There are people washing cars. There are people walking. There are people who smile. There are people who cannot give me directions to a cafe as english is not their first language, so I smile and they smile and I say thank you even though I have no idea where I am going. So I walk the streets and take photographs and enjoy the sunny part of the day. I like that I am lost. I decide that I have drunk enough coffee anyway. You could fuel an entire factory floor on my caffeine intake.

There is overcrowding, poverty and squalor.

There is an old school building that is boarded up.

There are cars slowing on the road.

There are net curtains pressed against condensation.

There are bags of rubbish waiting to be collected.

There are signs that rubbish will never be collected.

There is nowhere to put rubbish. No gardens, sometimes yards, sometimes not.

There are back to back houses, council houses, terrace houses, mainly victorian stone houses.

Damp, dark, stone houses providing home and shelter.

The lines that clung to Naoise waist are long gone, and the smudge of lipstick that I planted on his nose.

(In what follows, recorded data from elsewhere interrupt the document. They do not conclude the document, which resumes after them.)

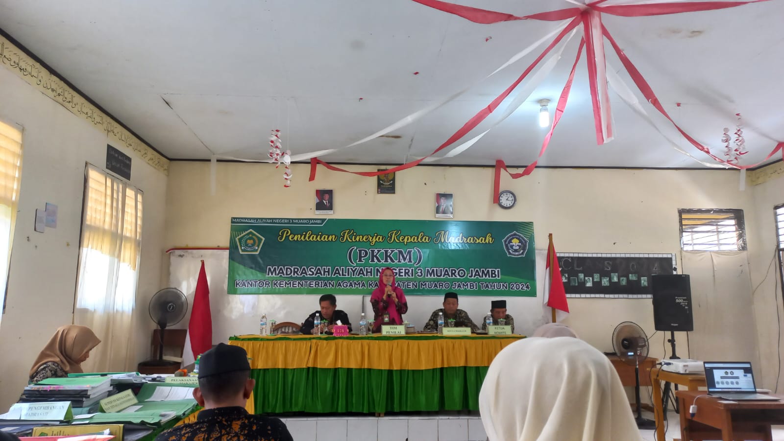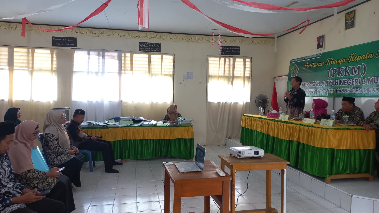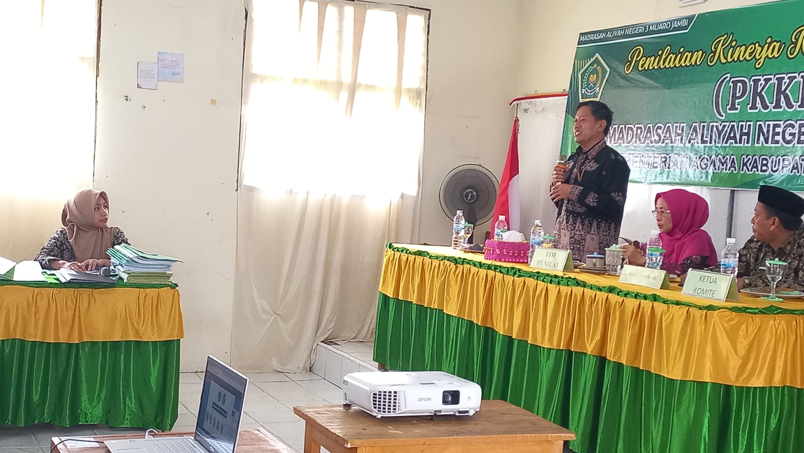 Kepala MAN 3 Muaro Jambi Dr. H. Moeh. Djuddah, S.Ag, M.Pd.I mengucapkan terima kasih kepada tim penilai kinerja kepala madrasah. Penilaian Kinerja Kepala Madrasah (PKKM) MAN 3 Muaro Jambi tahun 2024 berlangsung dengan lancar pada Rabu, 11 Desember 2024. Kegiatan ini ditutup dengan sesi refleksi dan pemberian evaluasi oleh Ketua Tim Penilai, Bapak Alimuddin, S.Pd, M.Pd.I, yang memberikan beberapa catatan penting sebagai bahan perbaikan bagi madrasah.
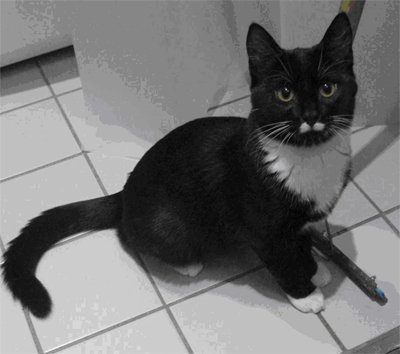 1 år gammel hunnkatt, svart med hvite poter, hvit foran på brystet og på magen og hvite flekker under snuten. Lang og smal kropp. Er ikke merket.
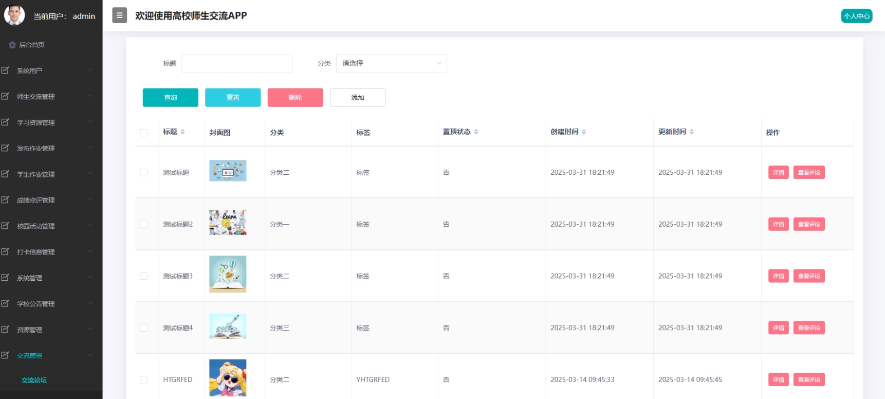 在该模块管理员可以对交流论坛和论坛分类信息进行增删改查操作。例如,点击“交流论坛”进入页面可以查看列表中某个交流论坛的详情和评论,选择某个或多个论坛信息后点击“删除”并确定删除即可删除论坛信息。以交流论坛为例,其界面如图5-17所示。
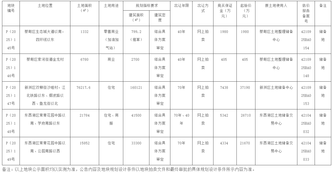 七、本次公开出让的详细资料和具体要求,以拍卖出让文件为准。申请人可自公告发布之日起在武汉市自然资源和城乡建设局网站、武汉土地市场网下载拍卖出让文件电子文本。
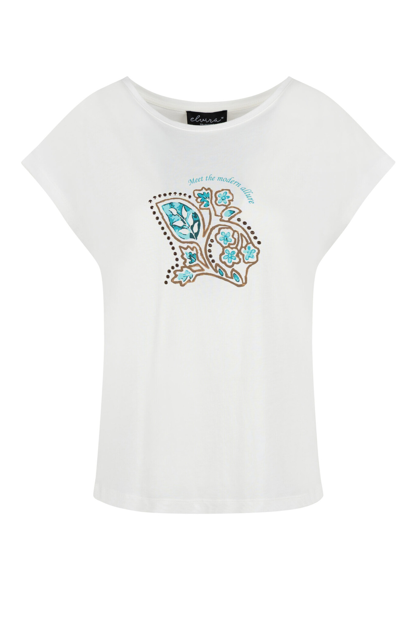 Elvira Collections Allure. Elvira Collections shirt met korte mouwen, een ronde hals en een frontprint. Dit Elvira shirt heeft oversized schouders en is gemaakt van een comfortabele jersey.
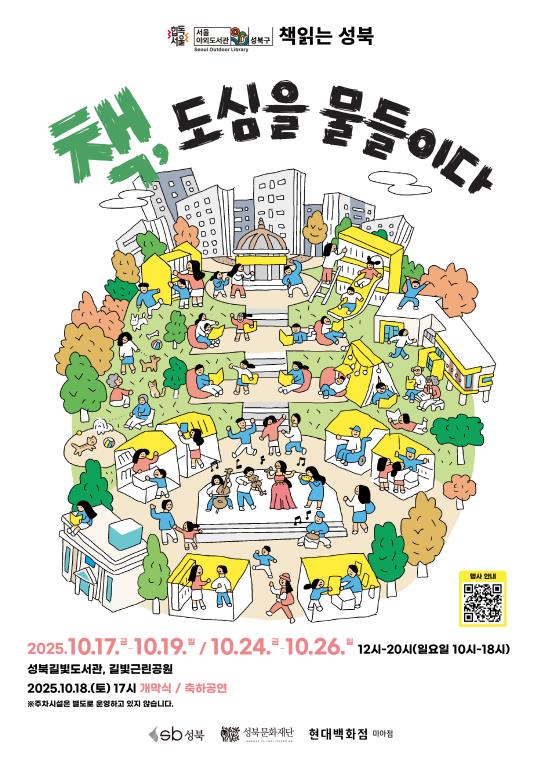 [무한뉴스=정승훈 기자] 서울 성북구와 성북문화재단이 오는 10월 17일부터 26일까지 매주 금·토·일요일, 성북길빛도서관과 길빛근린공원 일대에서 『서울야외도서관 책 읽는 성북 – 책, 도심을 물들이다』를 운영한다.
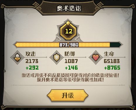 激活或升级不同品质的奥术可获得对应的造诣经验值,提升奥术造诣等级可获得攻/防/生的属性加成。

Each day disappears fast. The year is drawing to a close. Syd is away this weekend. Syd will be with his dad again. There will be some time to breath.

I need to run again. I miss the rhythm. I need to loose the weight I have gained through applying and applying and applying myself. I am worth something. I have value. This has value. This recording, documenting. This self awareness. This project will lead somewhere.

The sand is always tossed clean by the wave, the sandcastle knocked down, the hole filled. There is always change and movement. Two lungs. Breath. Find the pace. One step in front of another. One piece of plastic picked up. One table wiped clean. A cuddly toy giraffe perched on a warm radiator drying.


I didn’t manage to get the job. I am so fed up of the failure narrative. I probably care too much. The research was fun. I am literally going back to the drawing board, and running. I am running up that hill with you Kate, but Kelis and her milkshake is fun too.